* RECORD EXTRACTS *
______________________________

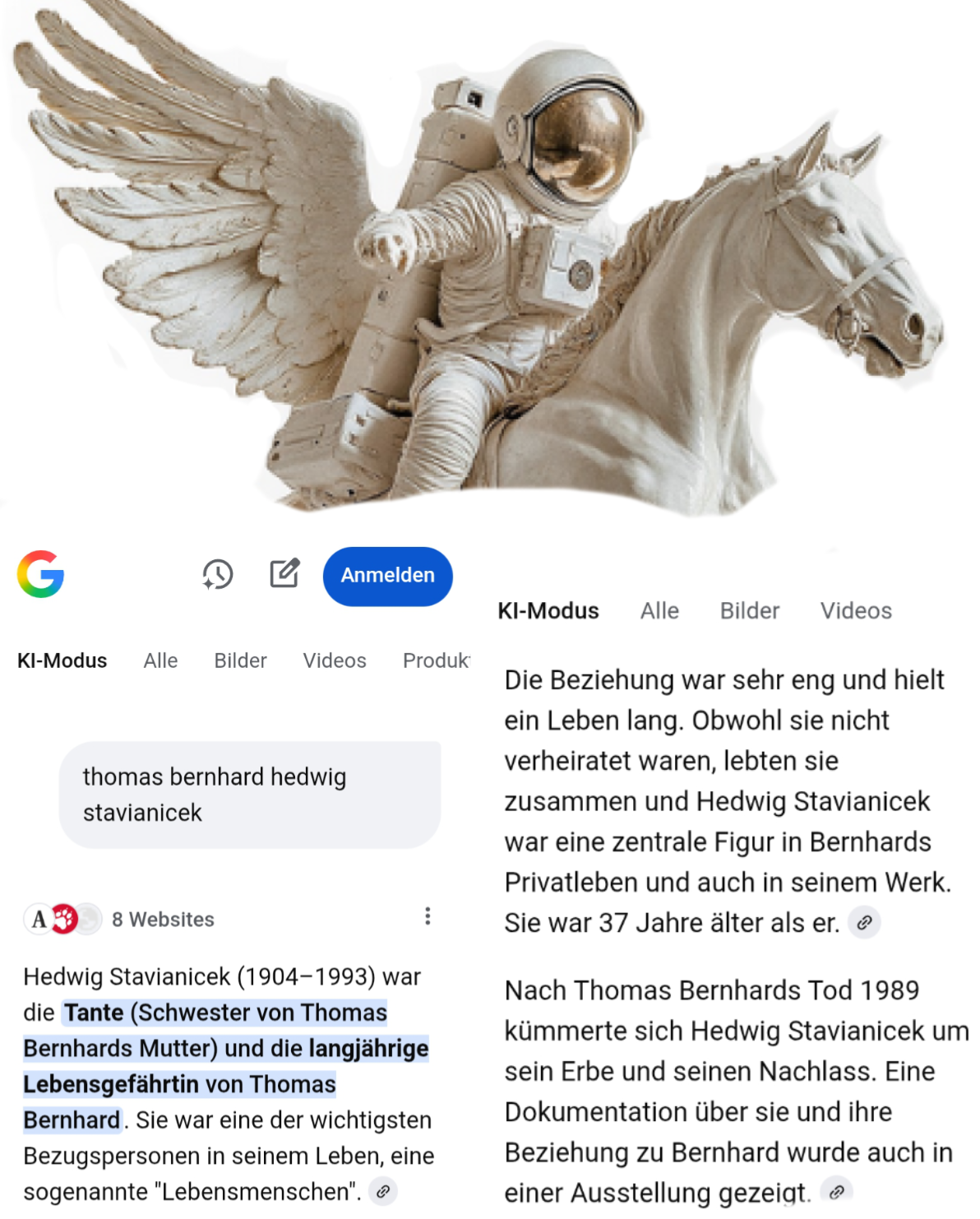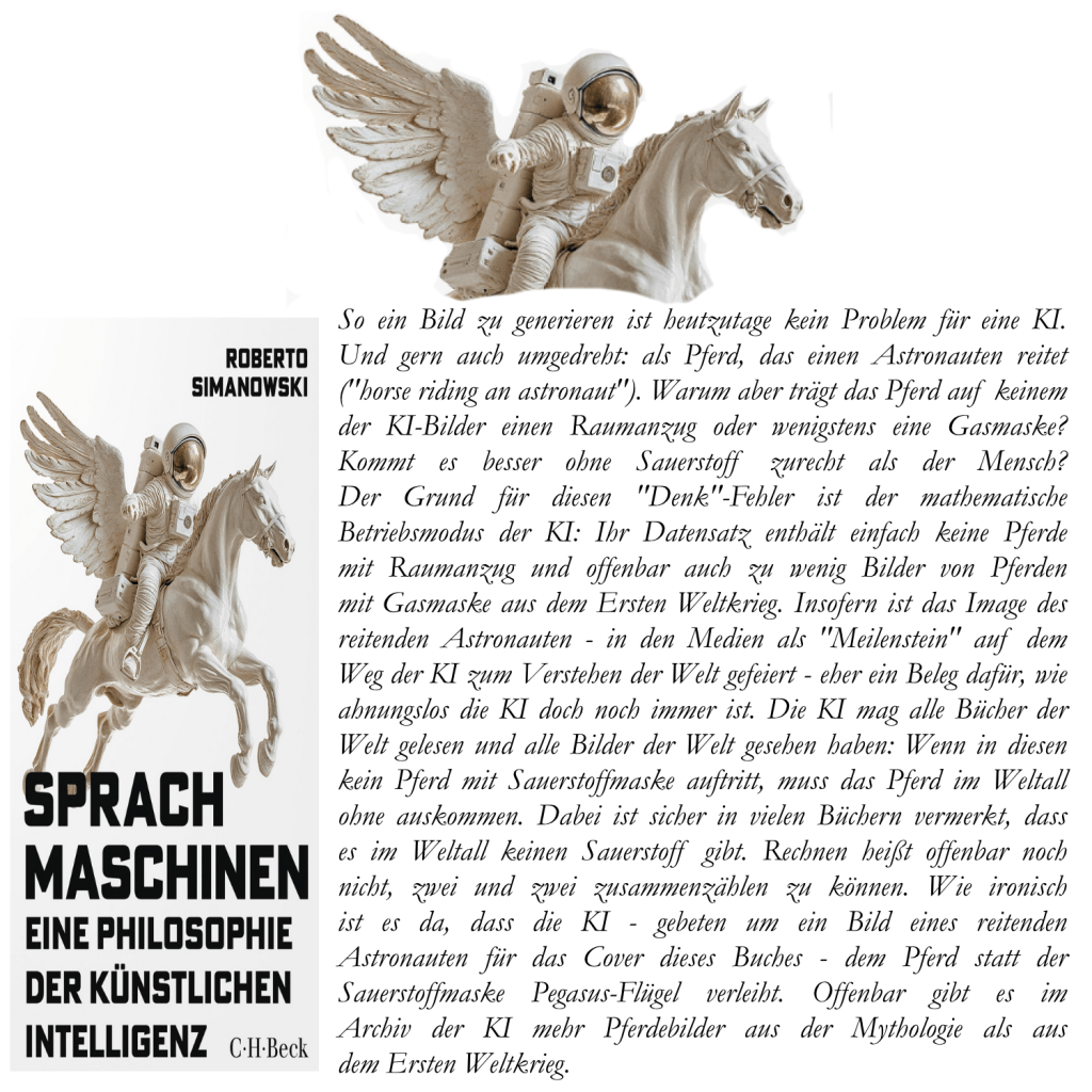 Einen Witz noch, dieser kann nur gezeigt werden, denn es ist ein Witz ohne Worte (AI – Joke without words): Astronaut riding a horse … Es muß zugegeben werden, diesen KI – Bildwitz erst verstanden zu haben, als diesen Roberto Simanowski verständlich machte. Genauer. Erst durch seine Ausführung wurde klar, daß es sich beim reitenden Astronauten um einen Bildwitz handelt, davor wurde es als eine selbstverständliche und nicht zu hinterfragende Abbildung gesehen, die wirklich und wahr darstellt, wie es wäre, wenn eine Astronautin mit der für sie lebensnotwendigen Ausrüstung zum Beispiel auf dem Mond ein Pferd ritte, das selbst aber keinen lebensnotwendigen Raumanzug benötigt, weil die Flügel die evolutionäre Weiterentwicklung des Pferdes für das Überleben in einer sauerstofflosen Umwelt ist, das heißt, die Flügel die Funktion in der für den Mond erforderlichen und entsprechend angepassten Weise haben, die beispielsweise auf der sauerstoffreichen Erde der Atmungstrakt …
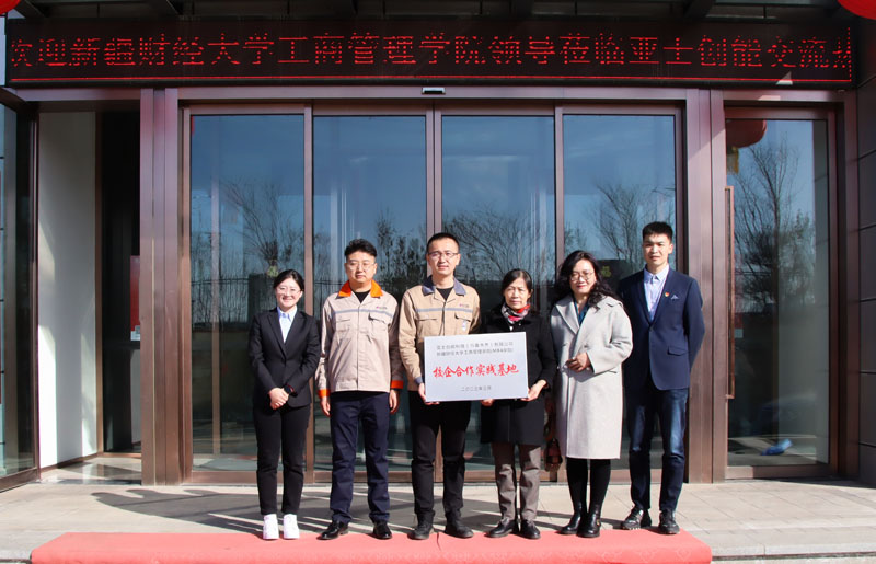 2023年3月10日,工商管理学院(MBA学院)院长陈玉萍带队赴亚士创能科技(乌鲁木齐)有限公司开展访企拓岗、校企合作实践基地签约活动。亚士创能科技新疆供应大区总监兼总厂长杨志强、副厂长谢文飞、厂办副主任丁娟彤与陈玉萍院长及学院MBA教育中心主任李潇潇、分团委副书记赵磊等共同出席签约挂牌仪式。
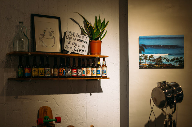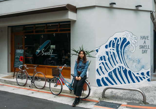 SWELL CO. CAFE,这是一家冲浪主题咖啡店,假日的午后店内几乎满座,聊天的、写作业的、发呆的都有。店内满满的冲浪元素装饰,但最抢眼的还是外墙上的壁画《神奈川的浪》。我厚着脸皮请在路边抽烟的小哥哥帮我拍照留念。
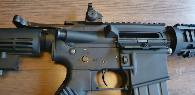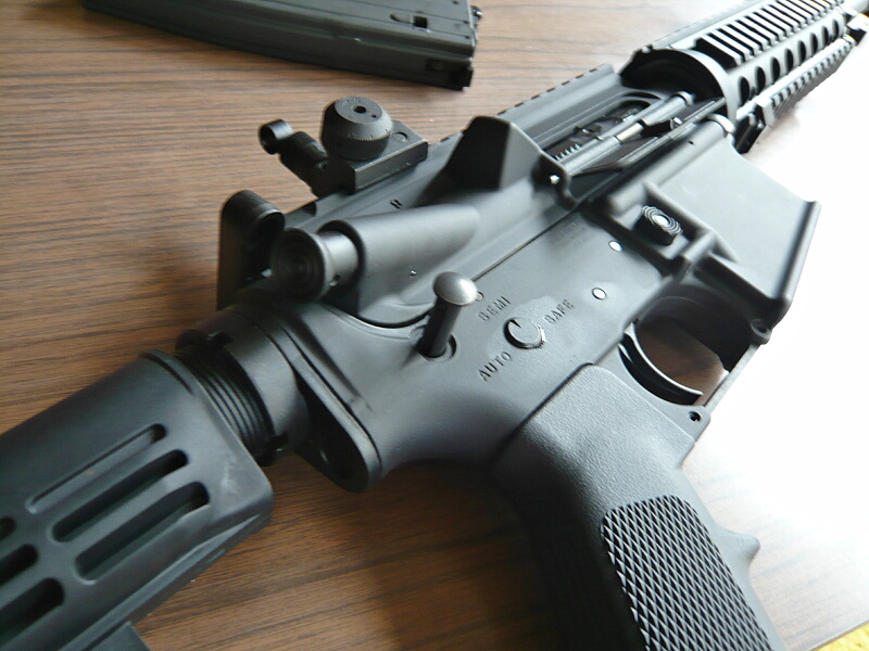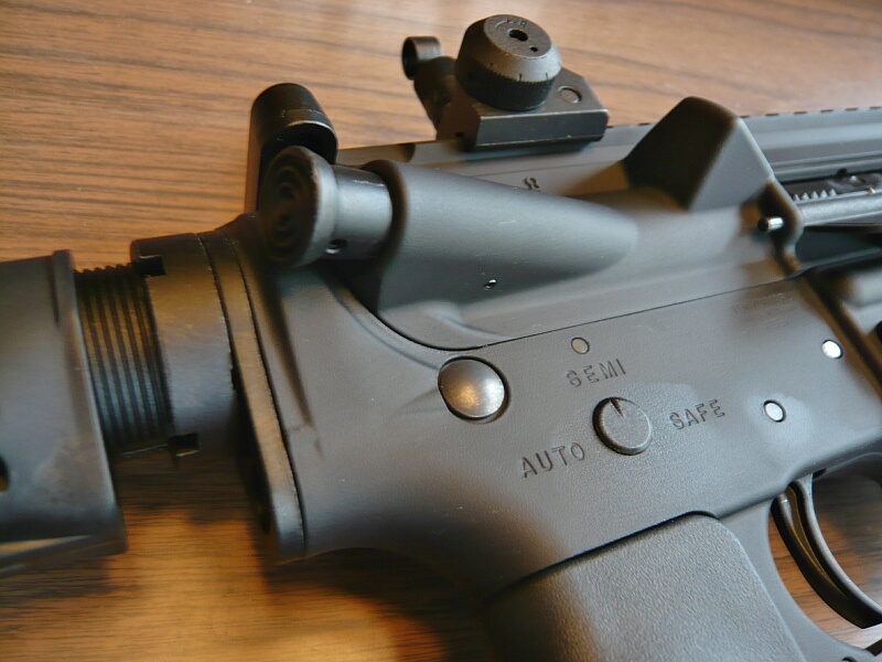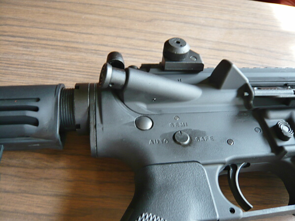 レシーバー右側面にはライブとなるボルトフォワードアシストノブがありますが、押した手応えは電動ガンのものとあまり変わりません。ここはあまり触る事も無いでしょう。右側セレクターの表示はちゃんと左セレクターレバーの動作に連動します。
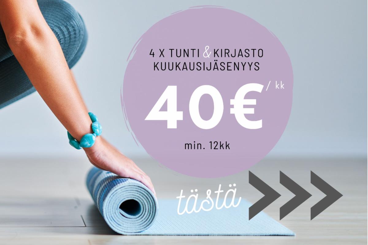 Tutustu nyt uuteen tapaan joogata meillä: kuukausimaksuinen jäsenyys, joka sisältää 4 valitsemaasi tuntia ja tallennekirjaston. Vaivattomasti 40€ kuukausihintaan.

______________________________

* WHAT YOU HAVE TO DO *
Pictures must be left out when the records are transcribed exactly.

* EXERCISE OUTPUT *
 Einen Witz noch, dieser kann nur gezeigt werden, denn es ist ein Witz ohne Worte (AI – Joke without words): Astronaut riding a horse … Es muß zugegeben werden, diesen KI – Bildwitz erst verstanden zu haben, als diesen Roberto Simanowski verständlich machte. Genauer. Erst durch seine Ausführung wurde klar, daß es sich beim reitenden Astronauten um einen Bildwitz handelt, davor wurde es als eine selbstverständliche und nicht zu hinterfragende Abbildung gesehen, die wirklich und wahr darstellt, wie es wäre, wenn eine Astronautin mit der für sie lebensnotwendigen Ausrüstung zum Beispiel auf dem Mond ein Pferd ritte, das selbst aber keinen lebensnotwendigen Raumanzug benötigt, weil die Flügel die evolutionäre Weiterentwicklung des Pferdes für das Überleben in einer sauerstofflosen Umwelt ist, das heißt, die Flügel die Funktion in der für den Mond erforderlichen und entsprechend angepassten Weise haben, die beispielsweise auf der sauerstoffreichen Erde der Atmungstrakt …
 2023年3月10日,工商管理学院(MBA学院)院长陈玉萍带队赴亚士创能科技(乌鲁木齐)有限公司开展访企拓岗、校企合作实践基地签约活动。亚士创能科技新疆供应大区总监兼总厂长杨志强、副厂长谢文飞、厂办副主任丁娟彤与陈玉萍院长及学院MBA教育中心主任李潇潇、分团委副书记赵磊等共同出席签约挂牌仪式。
 SWELL CO. CAFE,这是一家冲浪主题咖啡店,假日的午后店内几乎满座,聊天的、写作业的、发呆的都有。店内满满的冲浪元素装饰,但最抢眼的还是外墙上的壁画《神奈川的浪》。我厚着脸皮请在路边抽烟的小哥哥帮我拍照留念。
 レシーバー右側面にはライブとなるボルトフォワードアシストノブがありますが、押した手応えは電動ガンのものとあまり変わりません。ここはあまり触る事も無いでしょう。右側セレクターの表示はちゃんと左セレクターレバーの動作に連動します。
 Tutustu nyt uuteen tapaan joogata meillä: kuukausimaksuinen jäsenyys, joka sisältää 4 valitsemaasi tuntia ja tallennekirjaston. Vaivattomasti 40€ kuukausihintaan.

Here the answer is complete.